I tell you why I wouldn't build anything on RXPL (but my opinion is changing):

  • XRPL was centralized until mid 2018. All the nodes in the UNL of basically every server were controlled by Ripple. You can understand that building a business with a piece of software that basically could stop anytime because it's owned by a single company is not that good (unless you sign contracts with this company and they guarantee you the service and so on). But in 2018 the things changed and we moved to decentralization which was awesome IMO.
  • TPS: Ripple claims the XRPL can handle 1500 TPS but I haven't seen any theoretical nor practical proof of this. Imagine I build a decentralized exchange on XRPL and then 1M users sign up and we discover that XRPL can only handle 100TPS. It would be a disaster.
  • Interfaces: ripple-lib seems the most advanced tool to interact with XRPL, but the documentation sucked until last year, and it is continuously changing making impossible (or very time/resource consuming) to build something with it. In 2018 we have seen lots of changes, but maybe next year Ripple will hire someone else and he will change everything again as already happened (3 times already). One can build their own tools to interact with rippled but since it's a very complex system it'd requires lot of work.

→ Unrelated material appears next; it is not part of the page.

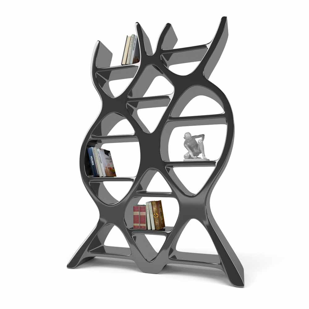 Za knihovnou, socha inspirovaná DNA, zdroj života a poznání. Jemné a klikaté linie v kombinaci se silným scénickým dopadem činí knihovnu DNA vhodnou jako exkluzivní kus nábytku v domácnosti. Díky svým neobvyklým tvarům je také ideální pro prostředí určená pro literární bary nebo kavárny. Struktura Solid Surface, dostupná v různých barvách: černá (RAL9005), rubínově červená (RAL3003) nebo perleťově bílá (RAL1013).

But as I said things are getting better and better...so maybe it's just a matter of time.

Thanks for your perspective. Ripple still is the single entity with sufficient resources to make the ecosystem friendly to independent developers. No other entity has as much skin in the game. It seems that part of the reason they funded XRPLLABS was in order to support the idependent development of more infrastructure, that's the message came through from Wieste's AMA anyway.  BigQuery was the first step and the signing platform will be another piece of intermediate infrastructure that I presume will make the lives of other devs easier. 

I'm not a dev myself but have been reading since 2014 that the documentation was poor.